What about the other supposed discontinuities? If the plant-animal discontinuity exists at all, it must have occurred in the Cambrian explosion. Wikipedia cites this as taking 70-80 million years, which is very fast, but is not evidence of a discontinuity. The smallest estimate of time from unicellular-to-multicellular life I can think of (from an ID proponent) is 6 million years, still not what I’d call a discontinuity. The story for animals-to-humans is a bit more interesting. Here is a 2003 article from National Geographic about the debate between “evolution and revolution” in terms of what made us human. There is somewhat controversial evidence that the change happened very fast, perhaps fast enough to qualify as a genuine discontinuity. If this turns out to be the case, we ought to believe it because that is where the evidence, that lowly public knowledge, points.

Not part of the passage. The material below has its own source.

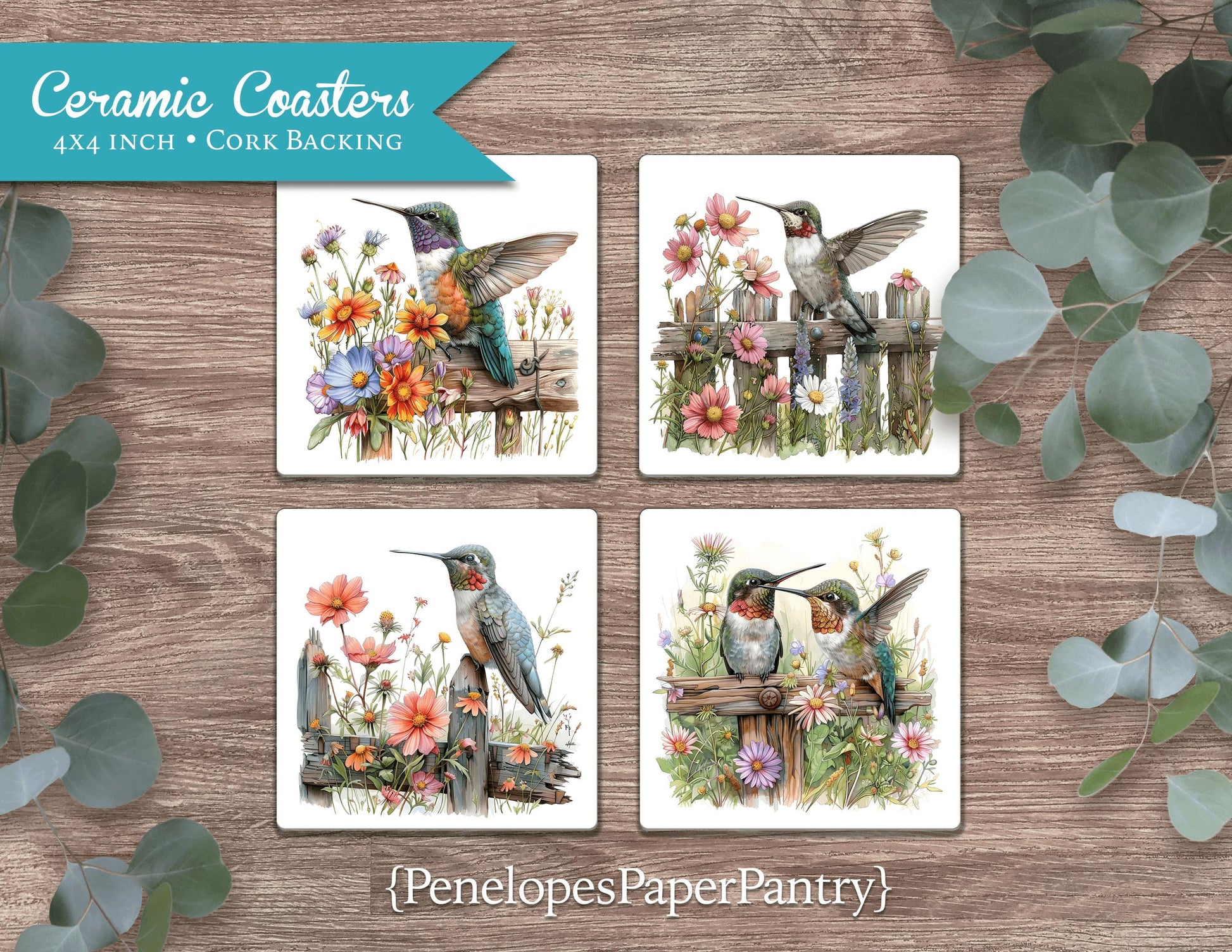 Hummingbird Set of 4 Ceramic Coasters with Cork Back

Let’s look at it from a different angle and recall our intellect who knows only physics. We can divide people into two groups based on how they think this intellect will react to our description of a cell: those who believe it will say “By golly!” and those who believe it will “Bullshit!”. I am, and I think you are too, in the “By golly!” group. But as I read Schumacher, I would be completely unsurprised to learn that he believed in a form of vitalism, and thus a solidly within the “Bullshit!” group. The point of my discussion is that, if the “By golly!” group is correct, we can get to life (and by extension the other levels of being (at this point I wish we were reading Dennett)) in a strictly physicalist setting, and largely with Schumacher’s own arguments. To get beyond physicalism you need these mysterious discontinuities, but where are they? By this point it seems that science has made a fairly solid case that at least two of them simply don’t exist.

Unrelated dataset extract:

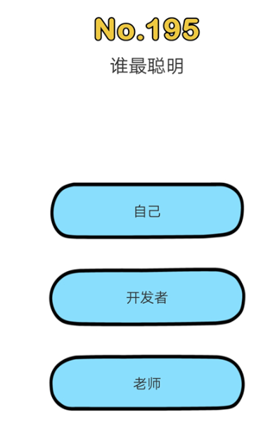脑洞大师是一款休闲火爆的脑洞关卡游戏,游戏中有许多奇怪的题目等你来挑战,这可不是正经的题目,需要你打开脑洞,找到答案,那么谁最聪明,脑洞大师第195关怎么过?快和小编一起来看看这篇brain out谁最聪明通关答案一览,相信对大家有所帮助。题目:谁最聪明正确答案:开发者这一关简单,不知道就挨个点击吧。脑洞大师算得上是一款适合儿童的游戏,毕竟收到条条框框拘束的成年人,很容易被各种墨守成规所困扰,而无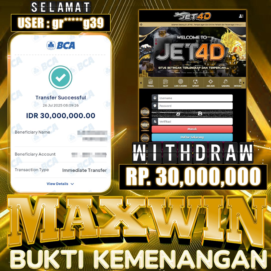 JET4D SITUS TERBAIK 2025 Selamat Kepada Member Setia Atas Withdraw Rp 40.000.000 Hari ini. List member yang sebelumnya mendapatkan withdraw besar bisa cek Disini dan di LINK ini.pelanyanan nonstop dan profesional

I imagine someone would get an inaccurate picture of humanity from that description. Thing is, this universe has four perfectly good dimensions. The picture would change substantially if you included Homo Erectus, Neandertals, or maybe even pre-Great Leap Forward Homo Sapiens.

If I’m thinking of the right argument from Dawkins, the moth analogy was to demonstrate that we can be wrong about our own self interest—that our own senses and even intellectual processes can guide us to self-destructive actions. The analogy isn’t so much for the religious as it is for people who believe that natural selection would make self-destructive actions impossible.

I think Schumacher does address those issues relating to discontinuities, though maybe not in as much detail as he could. In chapters two and three he does acknowledge that there are cases lying on the border between two levels of being, which could go either way. When he says “discontinuities” he means breaks in what he calls “the vertical dimension”. In other words, self-awareness is not merely an advanced form of consciousness, consciousness is not merely an advanced form of life, and so on.

I think he’d also say that trying to approach these discontinuities by analyzing fossils and trying to pinpoint the exact moment in geological time when they emerged is barking up the wrong tree. Fossils are only ‘dead’ things, and even if we could find the fossil that indicated exactly where and when the first self-aware human being ever existed, it would not help us deeply understand self-awareness.

The point he’s trying to make is that human beings do, think, and feel classes of behaviors, thoughts, and feelings, that nothing lower on the chain is capable of. Humans write poetry, philosophize, investigate their own history, climb Mt. Everest because it’s there, debate books on message boards, give up their life for a cause, and do many other that are beyond the realm of comprehension for even the smartest chimpanzee. This is the discontinuity between the human and animal levels. Even if we could describe with physical science the precise moment when such possibilities came into existence, the discontinuity would still be there.